The last few decades have witnessed a radical change in the biological sciences, as the advent of the 'omics' era has brought large-scale measurement of genes [1, 2], transcripts [3], proteins [4, 5] and metabolites [6–8]. Genetics has undergone a high-throughput revolution, with genomic sciences enabling the rapid acquisition of genome-wide gene-expression profiles, polymorphisms and, more recently, whole genome sequences [9]. These advances have been matched by advances in the measurement of small-molecule metabolites in the associated fields of metabonomics [10, 11] and metabolomics [8, 12]. Like genomics, these fields aim for comprehensive measurement and analysis of variations, but in the complement of low-molecular-weight compounds within a cell, tissue or biofluid.

For the past 20 years, developments in genomics and metabonomics have progressed on parallel tracks, exchanging experimental designs, data-analysis techniques and applications in basic biology and medicine [13–16]. Yet genes and metabolites are intrinsically co-informational, each shedding light on complementary biological processes. The genome encodes the metabolic capacities of the cell (the microbiome also influences mammalian metabolism), and changes in the activity and function of enzymes, transporters and transcription factors resulting from genetic variations have a direct impact on the identities and quantities of both intracellular and extracellular metabolites. Metabolite concentrations are ultimately quantitative, phenotypic traits, the genetics of which are described by the quantitative trait locus (QTL) - a DNA sequence controlling the phenotypic outcome of the quantitative trait, such as a metabolite concentration. Since the origins of biochemical genetics over a century ago, the integrated study of genetics and metabolism has produced significant advances in the understanding of basic biological processes and in the diagnosis and treatment of human disease [17].
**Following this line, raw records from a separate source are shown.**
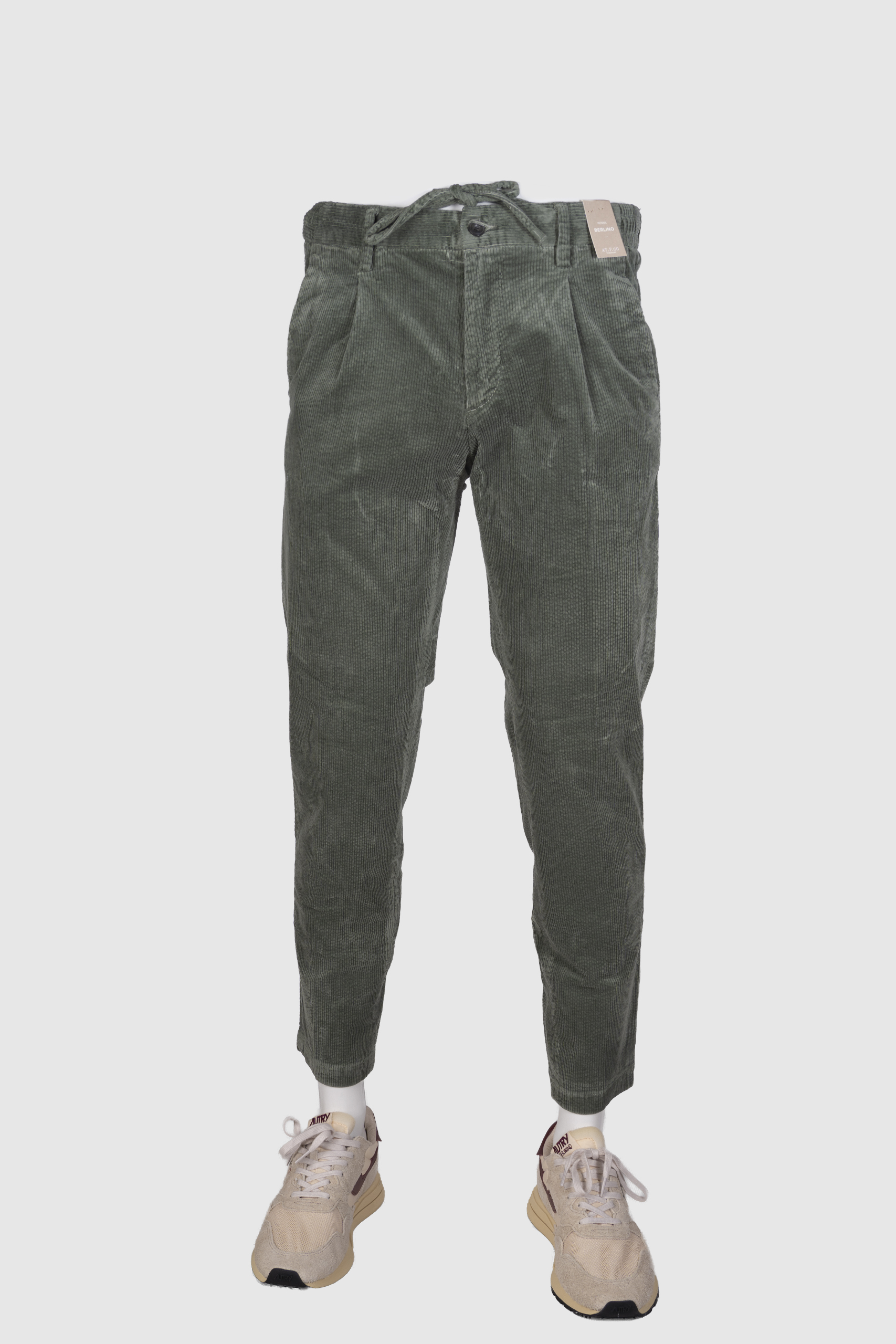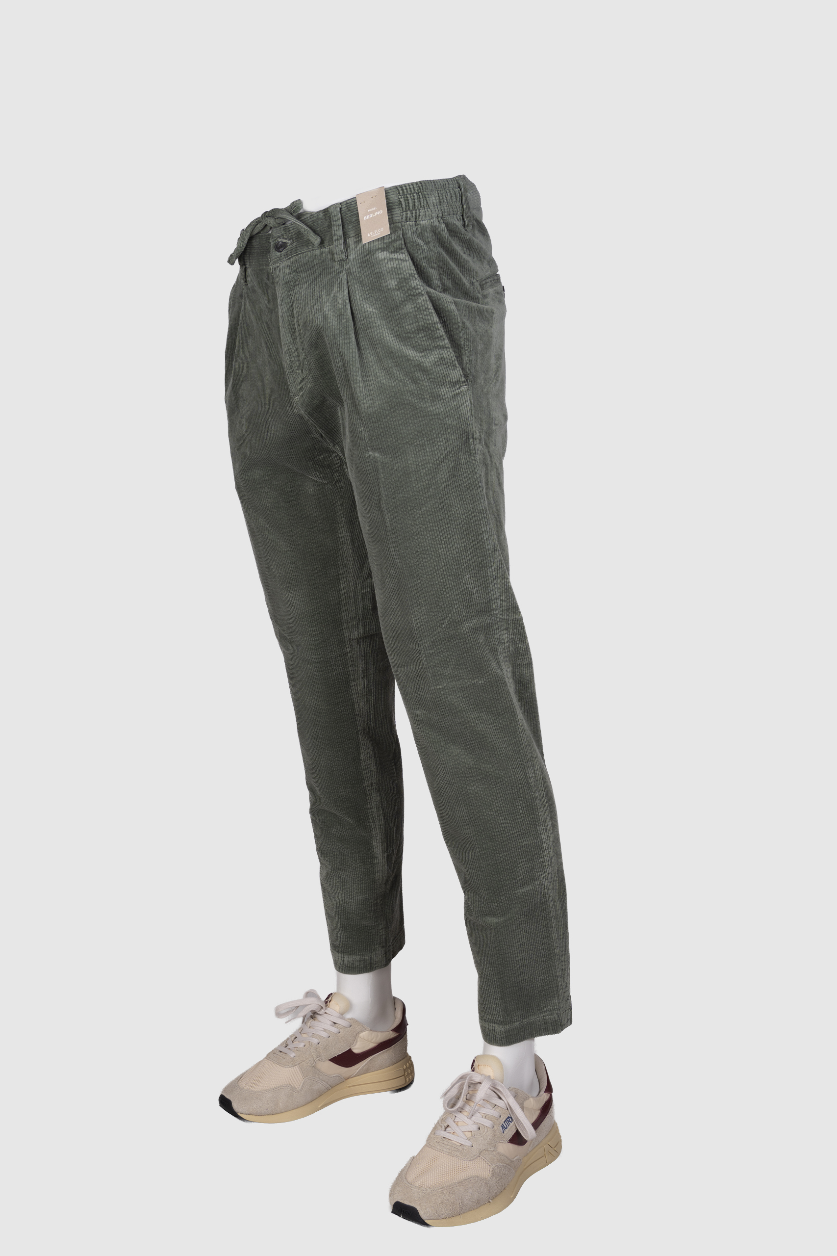 Pantalón de pana de 80% algodón 18% viscosa 2% elastane con pinza matada, cinturilla con gomas laterales para dar mas confort, vestibilidad regular fit y ancho de bocas a 17cm.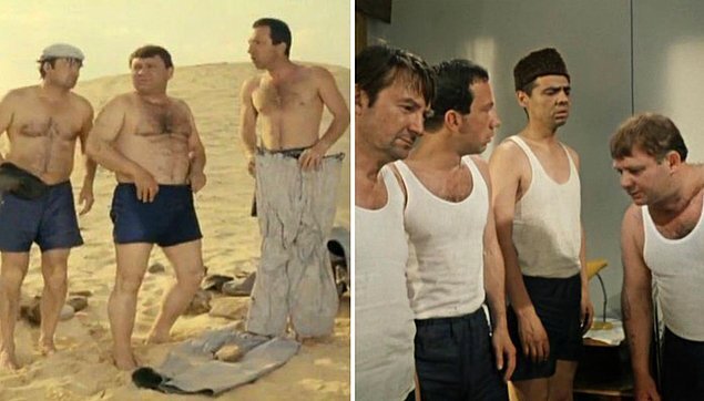 1.У героев фильма «Джентельмены удачи» после того как он были в машине с цементом вся одежда была испорчена,но вот трусы и майки как с прилавка магазина. 2.В фильме «Большая перемена» у Ганжи забинтована сначала левая рука,в другом кадре правая. 3.В фильме «Кавказская пленница» Эдик пытался вытащить шприц из Бывалого ,он поплевал на руки сквозь стерильную повязку,выглядит странно. 4.В фильме «Служебный роман»когда меняется план ,то расстегнутый пиджак Людмилы сам застегивается на все пуговицы. 5. Ошибка в титрах фильма «Ирония судьбы»,вряд ли вы их заметили.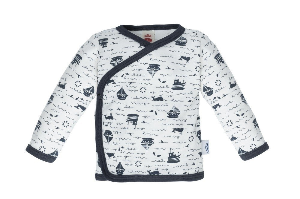 Wykonany ze 100% bawełny. Kopertowy krój ułatwia początkującym rodzicom ubieranie i rozbieranie malca. Do produkcji zatrzasków użyto antyalergicznego, bezniklowego tworzywa.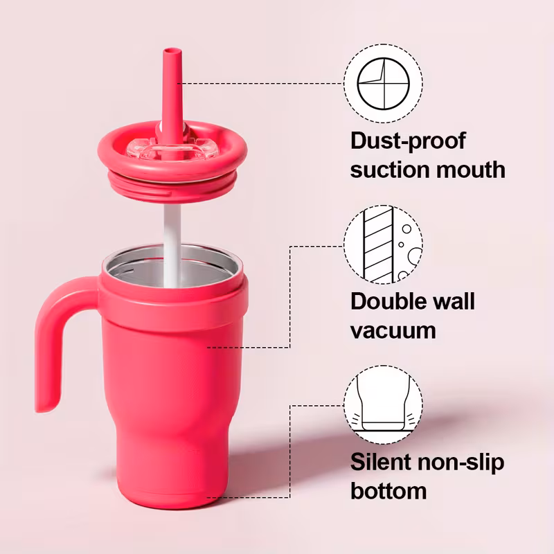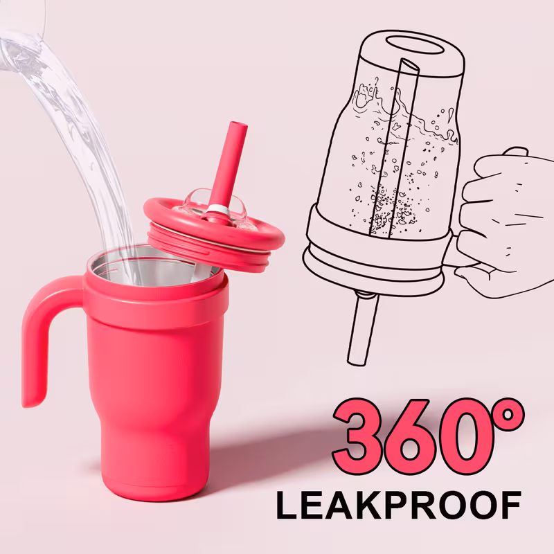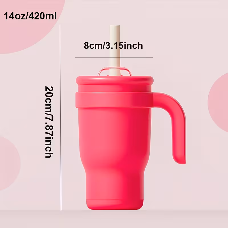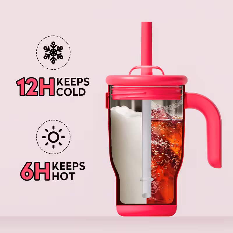 Insulated Stainless Steel Tumbler with Handle & Straw- Gradient Blue Orange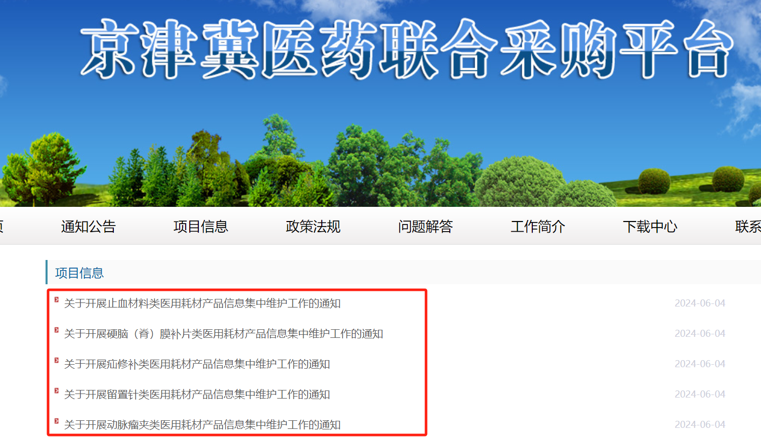 6月4日,天津市醫(yī)藥采購中心接連發(fā)布發(fā)布5則通知:將于6月6日起對動脈瘤夾、留置針、疝修補、硬腦(脊)膜補片、止血材料5類耗材開展信息集中維護工作。

Metabolic profiling of single gene mutations [18] and QTL mapping of single metabolic traits [19] both represent early attempts at identifying gene-metabolite associations through omic sciences, by regressing one gene against many metabolites or one metabolite against many genes. In more recent studies, metabolome-wide profiling of biofluids by nuclear magnetic resonance (NMR) spectroscopy or mass spectrometry (MS) is combined with whole-genome profiling of single nucleotide polymorphisms (SNPs) to identify many gene-metabolite associations simultaneously, by regressing many metabolite levels against many polymorphisms [20]. While these studies, termed metabolomic quantitative trait locus (mQTL) mapping, or metabolomic genome-wide association studies (mGWAS), are often applied to human genes and human biofluid profiles, these techniques hold the additional promise of investigating interactions between gut microflora genes and biofluid metabolites. By regressing metagenomic sequences against metabolic profiles, metagenome-wide metabolome-wide associations provide insight into the metabolic cross-talk of bacterial and human genomes in the larger human superorganism [21, 22]. This review discusses the highly analogous methods and applications of genomics and metabolomics, as well as recent attempts at integrating the two fields towards a more comprehensive and holistic understanding of gene function and the control of metabolic processes.

Developments in instrumentation and experimental design in metabonomics parallel those in genomics

Increases in the speed, accuracy and coverage of genomic analysis have been mirrored by technological developments in the large-scale measurement of low-molecular-weight metabolites, using the two major analytical platforms of NMR spectroscopy and MS [23]. While these techniques feature varying strengths in coverage, sensitivity, selectivity for various chemical classes, reproducibility, provision of structural information, and sample-preparation requirements, both stand out in their capacity to measure a large number of small-molecule analytes in an untargeted fashion from complex biological mixtures, such as human biofluids [24].

One of the most popular analytical chemistry techniques, NMR spectroscopy has a long history of application in organic chemistry for structural identification and is used extensively in metabonomics. NMR spectroscopy is characterized by the following key properties, which are fit for purpose: (i) high dynamic range, with several biological nuclei, such as 1H, 13C, 15N or 31P, being accurately measured over a large range of concentrations; (ii) high linearity of signal intensity with concentration; and (iii) high reproducibility. In particular, 1H NMR spectroscopy is robust, provides a high degree of structural information for both one-dimensional 1H and two-dimensional 1H-1H NMR, and is flexibly applied to extracts, biofluids and solid tissues using high-resolution magic angle spinning, and in vivo using magnetic resonance spectroscopy. Technological advancements in magnetic field strength with the introduction of 600, 800 and, recently, 1,000 MHz NMR spectrometers, pulse sequence experiments, and cryogenically cooled probes have increased the sensitivity and coverage for small-molecular-weight metabolites and lipid components from urine, plasma, serum and tissue samples [11].

MS, coupled to either liquid (LC) or gas (GC) chromatography, is also frequently applied to profile the metabolome [25–27]. LC- and GC-MS both boast high sensitivity to low-concentration analytes, as well as high-resolution chromatographic separation. While these techniques have faced challenges in compound identification, reproducibility and bias towards certain compound functional groups, the rapid pace of technological development in MS has sought to address many of these challenges. Advances in chromatography, including ultra-high-performance liquid chromatography (UPLC) and multidimensional gas chromatography (GC×GC, 3D-GC), have increased the speed and reproducibility of chromatography-coupled MS [28]. Additionally, advances in MS, including high-resolution time-of-flight (ToF) and quadrupole time-of-flight (qTOF) instruments, along with serial ion fragmentation (MS-MS, MSn) have improved resolution, coverage and identification of low-molecular-weight species [29].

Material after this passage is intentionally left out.